Разумеется, я поглощал большое количество и современной литературы, насколько мог ее достать. В прибалтийской провинции она была не в фаворе, а выписывать ее из Германии можно было только за деньги, которых у меня не было. Мой отец и без того так поистратился на свадьбы своих дочерей, что о повышении размеров моих весьма скромных карманных денег не могло быть и речи. Но я стал читать вслух по два часа в день одному слепому господину, который платил мне десять рублей в месяц. На эти деньги кое-какие книги уже можно было купить.
В качестве курьеза могу припомнить, что мне в то время попал в руки второй выпуск «Листков для искусства» Стефана Георге, и я сразу же проникся неприязнью и к нему, и к его окружению. Я даже дал себе труд, едва окончив гимназию, сочинить пространную критическую статью о Георге, и ее почти готовы были напечатать, если б она не оказалась столь сумбурной.
Поскольку теперь наша квартира стала слишком большой для нас, мы снова переехали — в удобную пятикомнатную квартиру с крошечным садом на Константинштрассе, всего в сотне шагов от работы отца. Здесь- я и начал систематически собирать библиотеку.
Как странно! Тогда у меня не было ни одной русской книги. Кроме русских поэтов, которых мы проходили в гимназии и должны были заучивать наизусть, я ничего не читал из русской литературы. Вероятно, я тогда не владел языком в должной мере, ибо за русские сочинения, которые должен был писать в школе, получал только «неуд». И это при том, что у нас был очень хороший, умный и благожелательный преподаватель, с которым позднее я даже подружился.

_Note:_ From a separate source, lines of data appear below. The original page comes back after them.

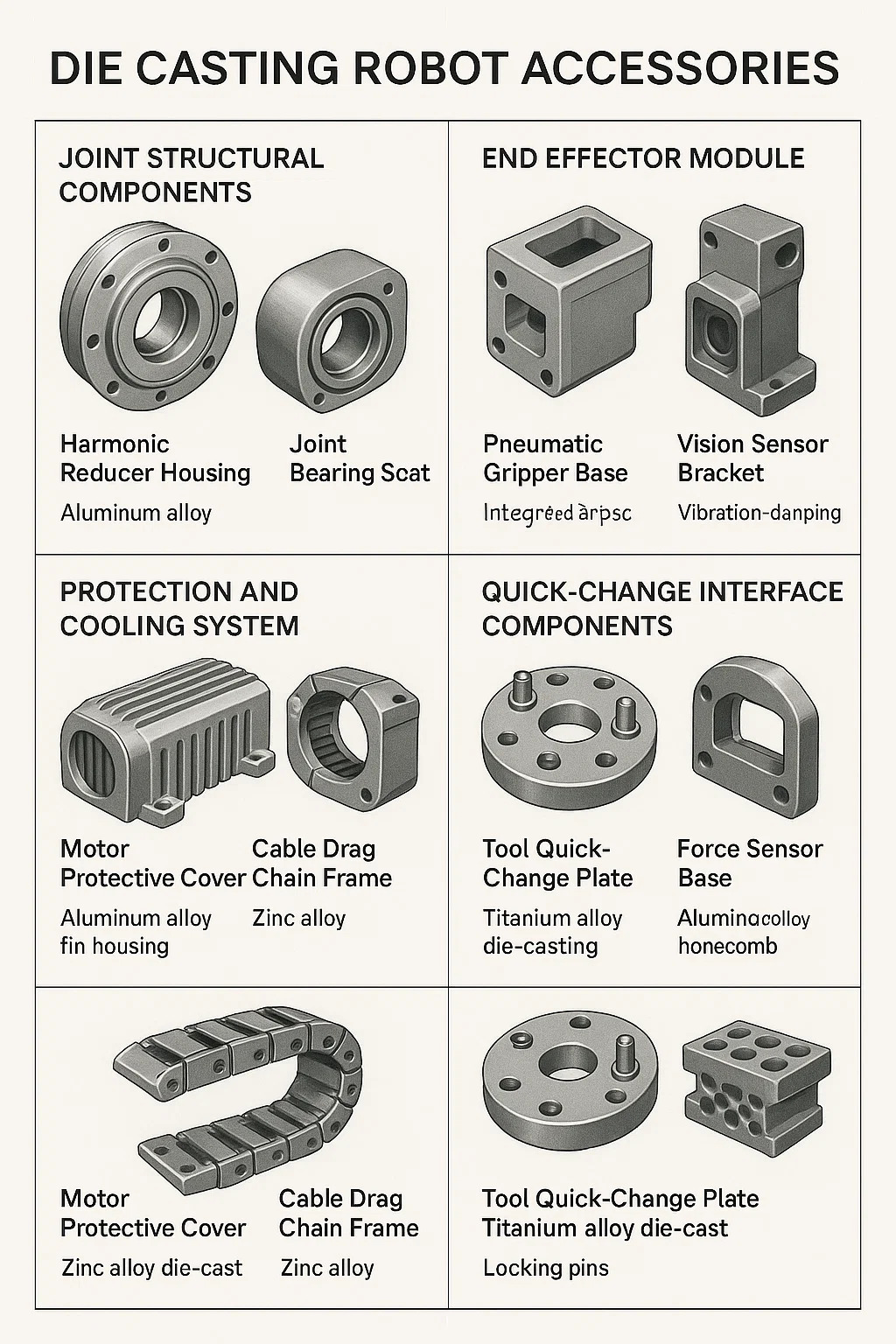 ダイカストロボットアクセサリー 高圧鋳造プロセスを通じて製造されたコア金属コンポーネントです。これらは、精度、軽量化、耐久性などの産業用ロボットの中核的な要件に対応しています。主なアプリケーションと機能は次のとおりです。
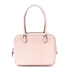 HERMES Chevre Mysore Mini Plume in Rose Darling. This simple, elegant tote is crafted of goatskin leather in light pink, with thin rolled leather handles, and polished palladium hardware. The zipper opens to a matching leather interior.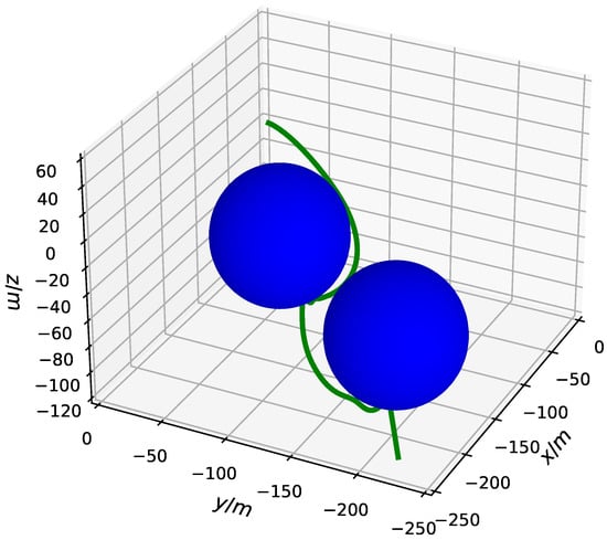 The simulation results using the second order sliding mode terminal controller are shown as follows. Figure 1 and Figure 2 show the three-dimensional motion trajectory of the spacecraft relative to the obstacle from two perspectives, respectively. The blue shadow sphere in the figure indicates the spatial influence range of the obstacle, and the radius of each sphere is set at . The spacecraft approaches from the starting point to the end point and finally reaches the desired position to form a configuration and maintain it.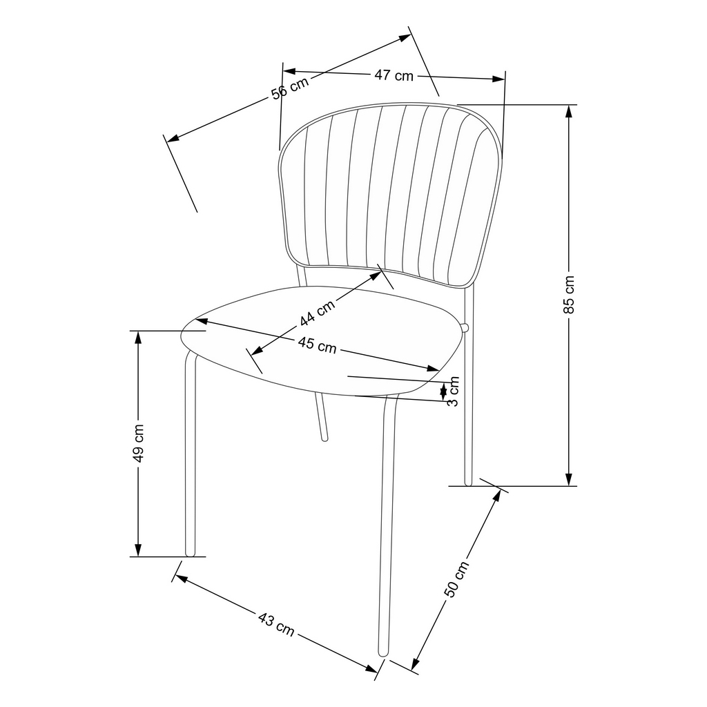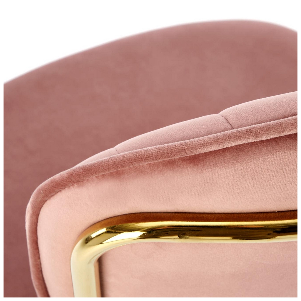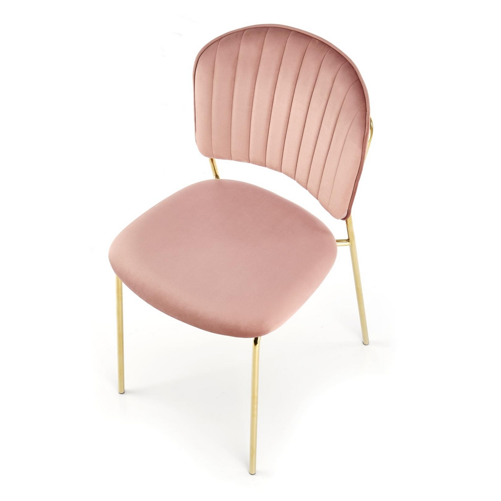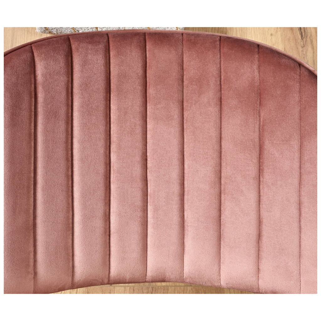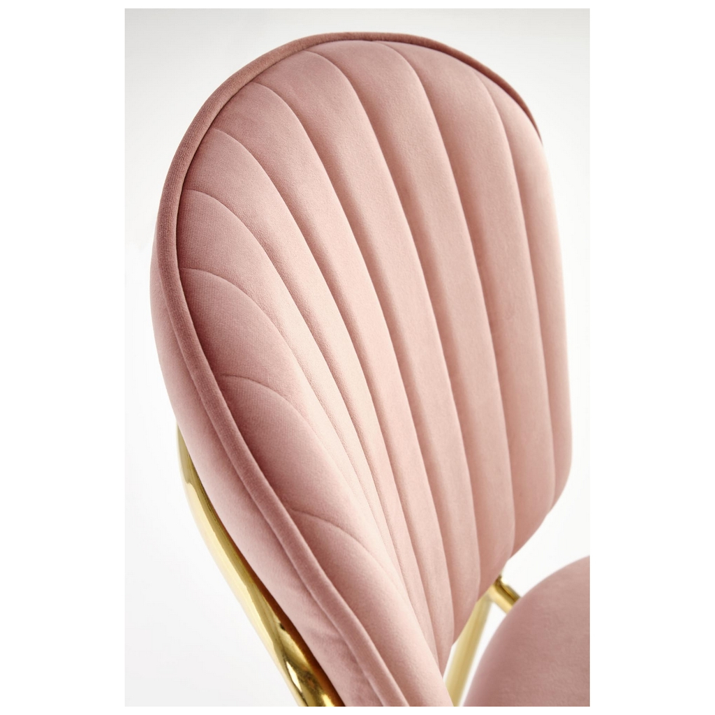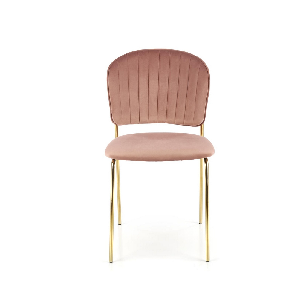 Sedák aj operadlo sú čalúnené hebkou látkou podobnou zamatu. Zvyšok konštrukcie je z nehrdzavejúcej ocele v zlatom lesku, ktorá sa vkusne dopĺňa s farbou poťahu.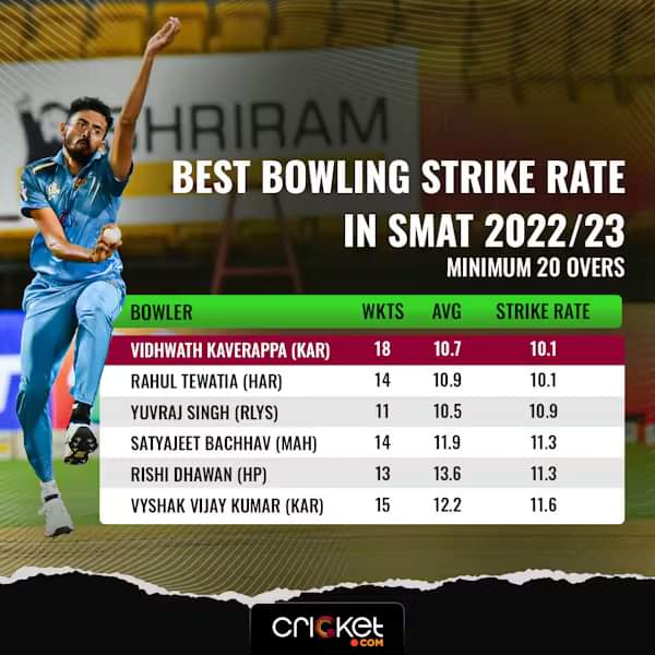 With the red ball, he rose to prominence, with 80 wickets in 20 first-class games, where he averaged just 20.08. But the rise didn’t stop there, with his display in the 2022/23 Syed Mushtaq Ali Trophy (SMAT), where he picked up 18 wickets, the joint-most for any Karnataka bowler in their debut season.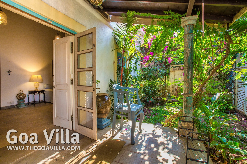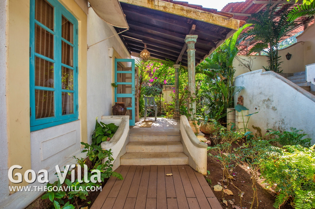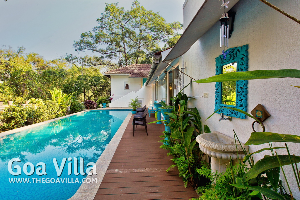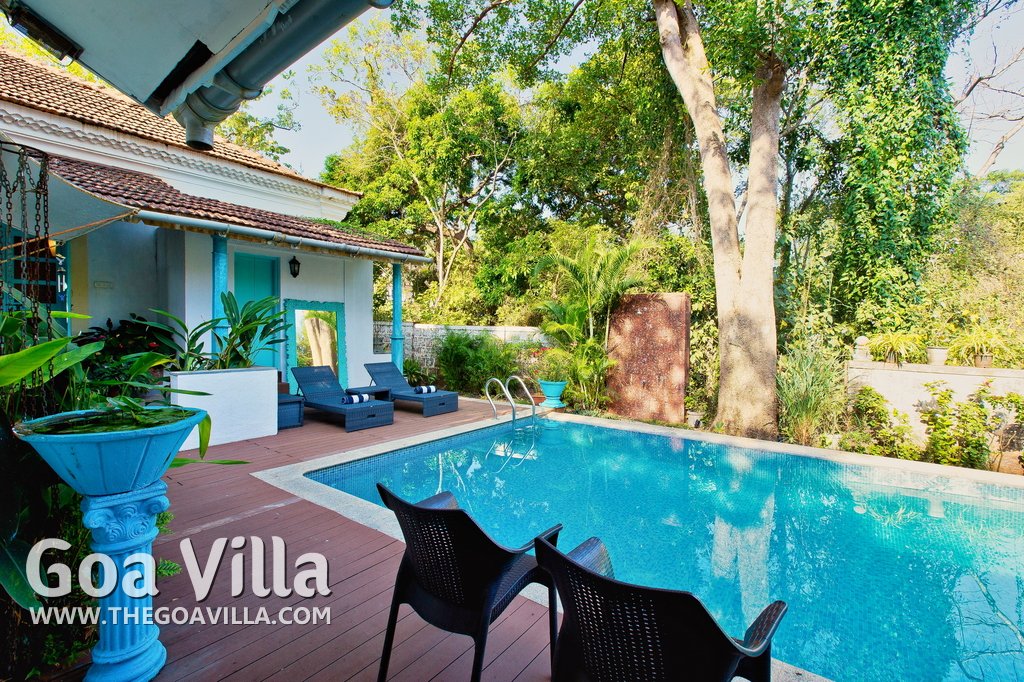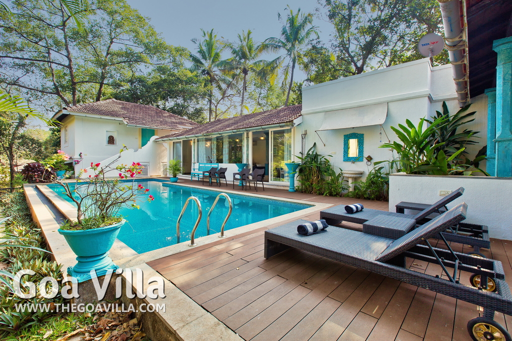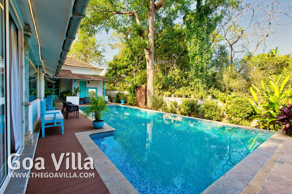 Swimming Pool – This North Goa house has a private swimming pool. Surrounded by lush greenery, this is a perfect place to relax or have fun in the water. Tall trees and potted plants everywhere. Sun beds on the pool deck. There is a shower at one end of the pool. Small tropical garden.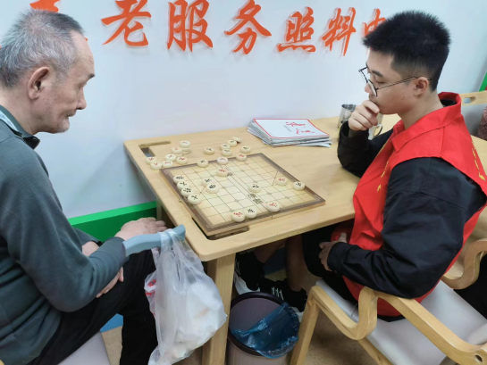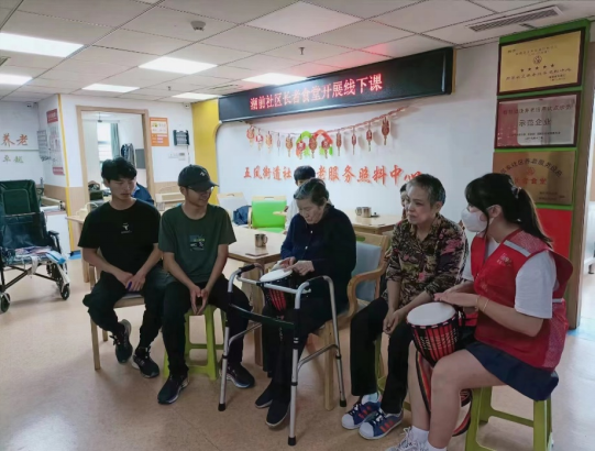 击打非洲鼓,一同下象棋。非洲鼓学习简单,震动频率可以干预到人体内各部位频率,从而起到治疗和保健的作用。老年人下象棋可陶冶情操,预防老年痴呆。志愿者们耐心地与老人们互动学习,共同陪伴老人们健康生活。

Как-то незадолго до нашего переезда мы с отцом совершали длительную прогулку. Я проводил его от самого гребного клуба до заснеженных равнин острова между Аа и Дриксой к одному пасечнику, жившему в глубине этого острова и славившемуся своим сотовым медом, который отец очень любил. На ходу он как бы между прочим рассказал мне, что в Петербурге учреждена премия за биографию императора Александра I — достойное задание для человека, интересующегося историей. Хорошо зная отца, я сразу понял, что он затеял этот разговор неспроста. Стало быть, он полагает, что я мог бы написать что-нибудь в этом роде? Это было бы интересно и перспективно. Я сказал, что ведь тогда надо бы поработать с источниками в Петербурге. На что отец, завершая беседу, заметил, что об этом стоит подумать.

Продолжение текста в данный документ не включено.